If $f(x)$ is continuous on $[a,b]$ and differentiable on $(a,b)$ then $(\frac{f'(c)}{3c^2}) = (\frac{f(b)-f(a)}{b^3 -a^3})$ where$c ∈ (a,b)$.

Question

If $f(x)$ is continuous on $[a,b]$ and differentiable in $(a,b)$, then $(\frac{f'(c)}{3c^2}) = (\frac{f(b)-f(a)}{b^3 -a^3})$ for some $c ∈ (a,b)$.

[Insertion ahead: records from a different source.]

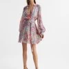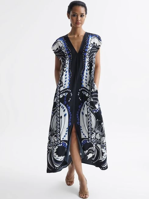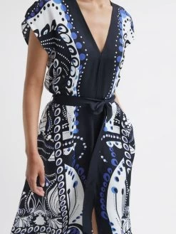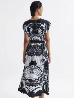 Expand your special occasion collection with the Freja dress. It’s designed in an abstract printed fabrication and fitted with short, split sleeves and a deep V-neckline. The figure is cinched with a waist belt, and a front slip offers subtle interest. Style with black shoes to emphasize this piece.
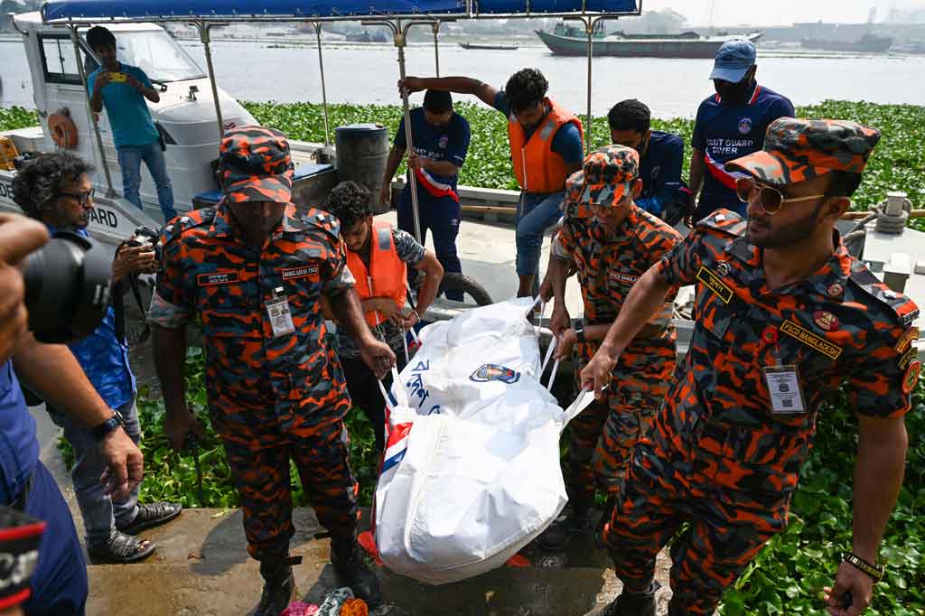 Administrator distrik Monjurul Hafiz mengatakan personel penjaga pantai dan penyelam membantu upaya penyelamatan, sementara kerumunan besar warga telah berkumpul di kedua tepi Sungai Shitalakshya untuk menyaksikan pencarian korban selamat.
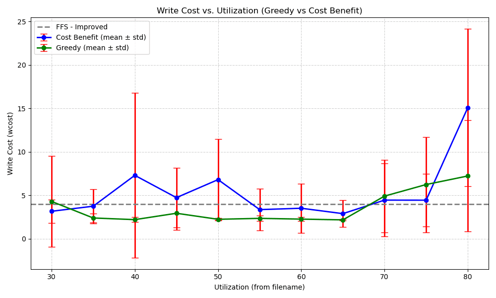The modified workload writes repeatedly at a fixed disk capacity using pre-written hot/cold access and runs the cleaner daemon once every 500 writes. The cleaner was modified to clean a maximum of 40 out of 64 available segments. Figure 9 indicates that with this workload cost benefit is shown to have a lower write cost than greedy. The modified workload does not determine write cost with the same precision as the original workload. It instead estimates write cost using: Where and is the number of segments that are actually cleaned. It is actually simple to record instead of estimating it but due to time constraints, we were unable to modify the cleaner daemon to record and aggregate the average which would take a significant refactor.
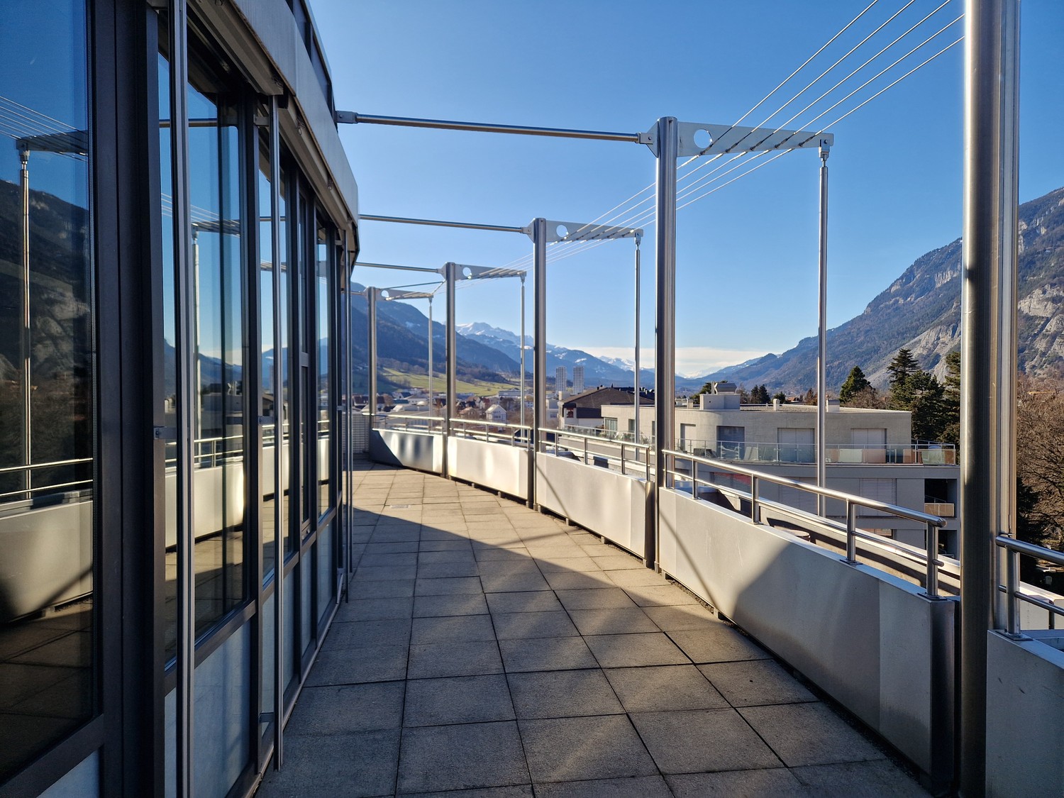Die Liegenschaft überzeugt durch ihre zentrale Lage und hervorragende Erreichbarkeit am Bahnhof Chur. Wichtige Verkehrsanbindungen befinden sich in unmittelbarer Nähe. Das gepflegte Gebäude bietet ein professionelles Arbeitsumfeld und ein angenehmes Umfeld für Mitarbeitende und Kundschaft.
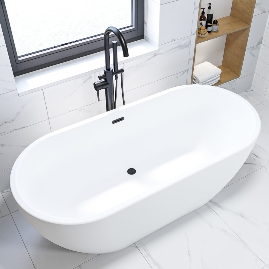 Curved and contemporary, with a matt finish and contrasting built-in matt black overflow and waste, this freestanding bath brings a touch of sophistication to the bathroom, as well as a luxurious bathing experience. With its round-ended shape and double-ended design, you can bathe comfortably and relax at either end of this tub.
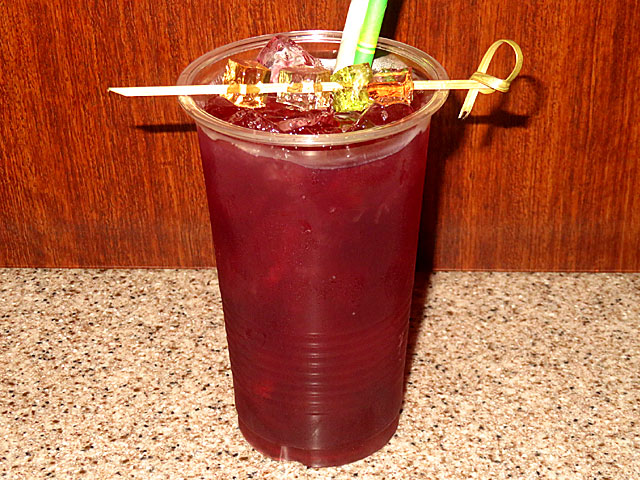今度は フジビュースタンド3Fの 「BAR2400@TOKYO」へ。 2025年版の「 天皇賞秋オリジナルカクテル」を注文。 赤ワイン+白ぶどうリキュール+ぶどうジュース+寒天ゼリーとのこと。 昨年の優勝馬 ドウデュース≒ぶどうジュースにかけているらしい。 |
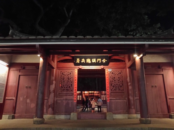 19:30,華燈初上,夜遊美麗後浦小鎮正要展開。後浦是金城舊稱,縣政府每日舉辦的免費夜間導覽活動,在義工帶領下,領略古鎮小城的歷史、建築與人文。集合點在總兵署,行程從這裡開始,故事從金門的地形及過去開始講起:
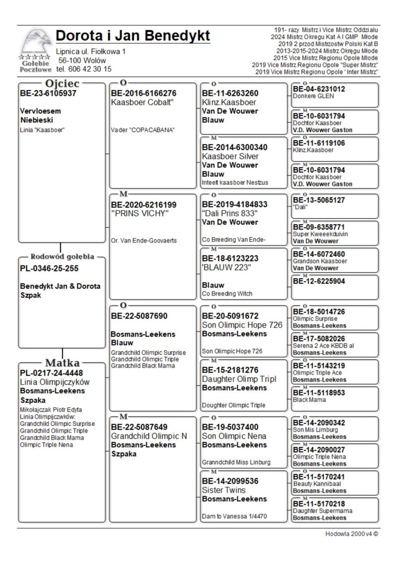 PL-0346-25-255 oryg. Benedykt Jan i Dorota 2024r. Mistrz Okręgu kat A i GMP Młode
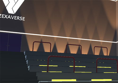 劇場の入り口上部には、「ZEXAVERSE」の大きなロゴが。光り輝く印象的なロゴも、ぜひ間近に歩み寄って見てみましょう。
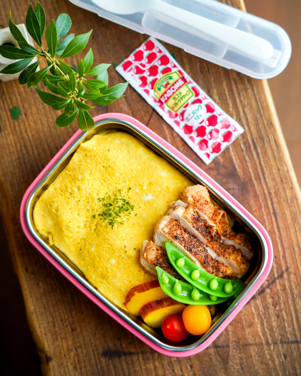 今日はケチャップライスだから、わっぱ弁当箱は使わず電子レンジが使えるステンレス弁当箱に詰めました。
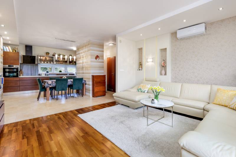 Sasad egyik legszebb, csendes utcájában kínálok megvételre egy különleges adottságokkal rendelkező, napfényes, tágas lakást. A lakás intim, zöld növényekkel körbevett környezetben helyezkedik el, ahol a nyugalom és a biztonság garantált. A kíváncsi tekintetektől elzárt, bájos terasz tökéletes helyszíne lehet reggeli kávéknak vagy esti pihenéseknek.Főbb jellemzők 90 m² lakótér + 14 m² terasz Dél-nyugati fekvés – egész nap világos, napfényes 1. emeleti lakás egy újszerű, liftes, mindössze 6 lakásos társasházban Intim, növényekkel övezett, zavartalan környezetCsaládbarát, rendezett, zöldövezeti utcaElrendezésTágas, világos nappaliÉtkező, gépesített konyha, külön kamrával 3 külön nyíló hálószoba 1 fürdőszoba + 1 külön WC Beépített tárolóbútorokMinden helyiség ablakos, redőnnyel és szúnyoghálóvalKomfort és műszaki felszereltség3 darab hűtő-fűtő klíma Motoros, szélérzékelős napellenző a teraszon Gázkazános fűtés és melegvízPadlófűtés a hidegburkolatos helyiségekben, radiátoros fűtés a szobákbanA teremgarázshoz fűtött lehajtó biztosítja a kényelmes és biztonságos parkolást télen isTartozékok (az ár része): Nagyméretű teremgarázs hely Külön, zárható tárolóA társasház és kertKis létszámú, barátságos lakóközösségGondozott, parkosított kert automata öntözőrendszerrelSaját játszótér a gyerekeknekA kertet hivatásos kertész ápoljaElhelyezkedés, infrastruktúraKiváló közlekedés: M1/M7, MOM Park, Allee, Etele Pláza néhány perc alatt elérhetőA közelben: iskola, óvoda, boltok, parkok, játszótér, orvosi rendelőGarázs és tároló 25 000 000Teljes vételár garázzsal tárolóval 214 000 000 Ft
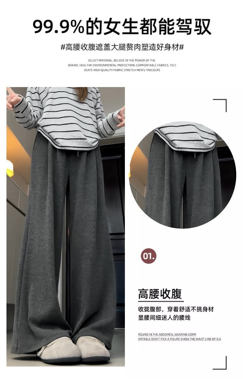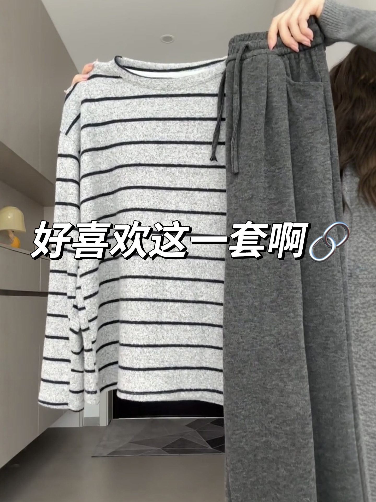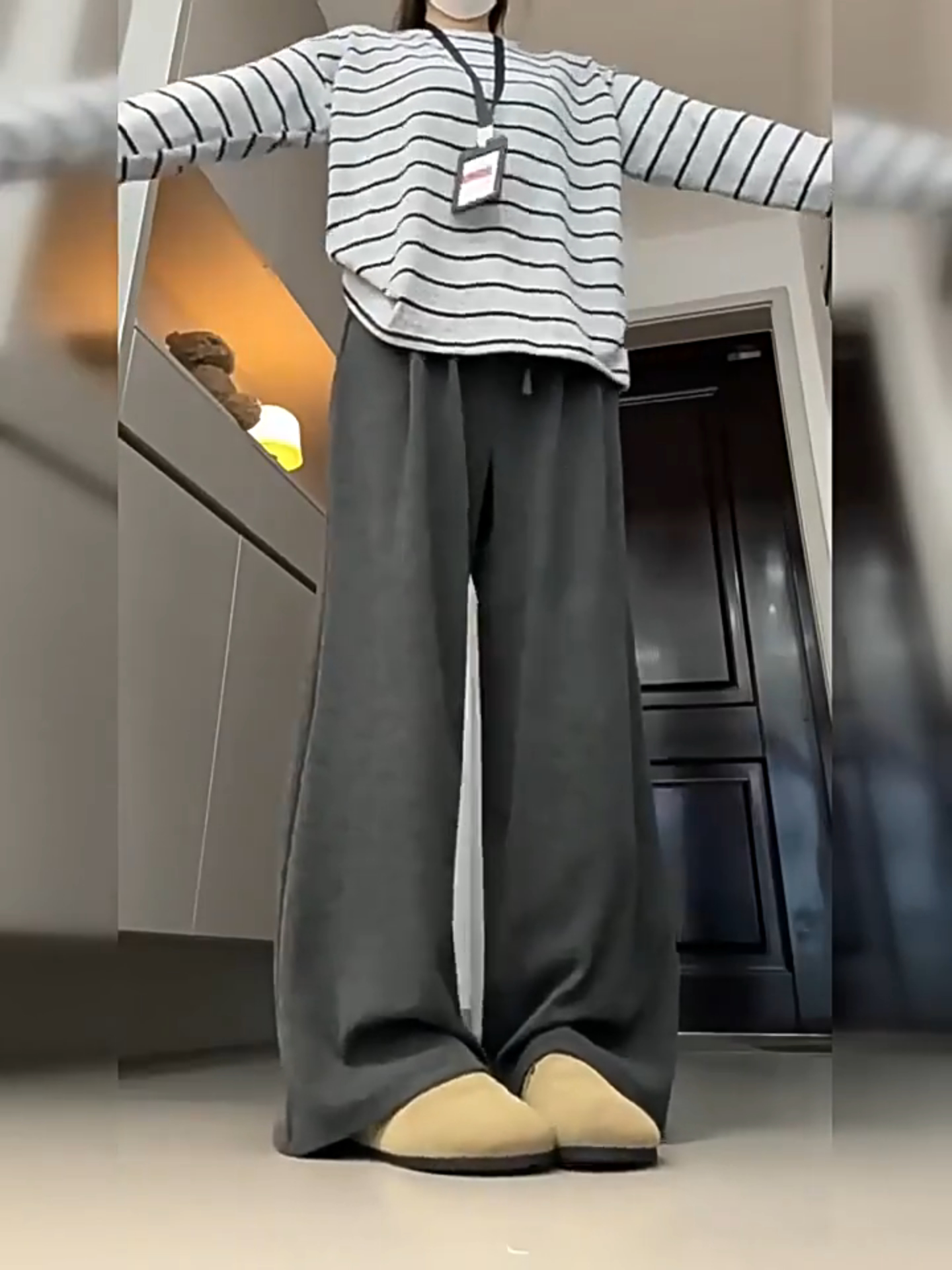 Korean set women's autumn and winter fleece 2025 new striped top loose slim wide-leg pants small women's clothing

I have tried in this manner:

Let us assume $H(x)=(b^3 -a^3) f(x)-(f(b)-f(a))x^3$ which is continuous on $[a,b]$ and differentiable on $(a,b)$. $H(a)=b^3 f(a)-a^3 f(b)=H(b)$ which is Rolle's theorem. I am stuck in this step. Could anybody please help me?

Answer 1

let $$g(x) = f(x) - kx^3, k \text{ to be fixed.} $$ requiring $g(a) = g(b)$ gives you $$k = \frac{f(b) - f(a)}{b^3 - a^3} $$ now apply rolle's theorem that tells you that there ia $c$ such that $g'(c) = 0.$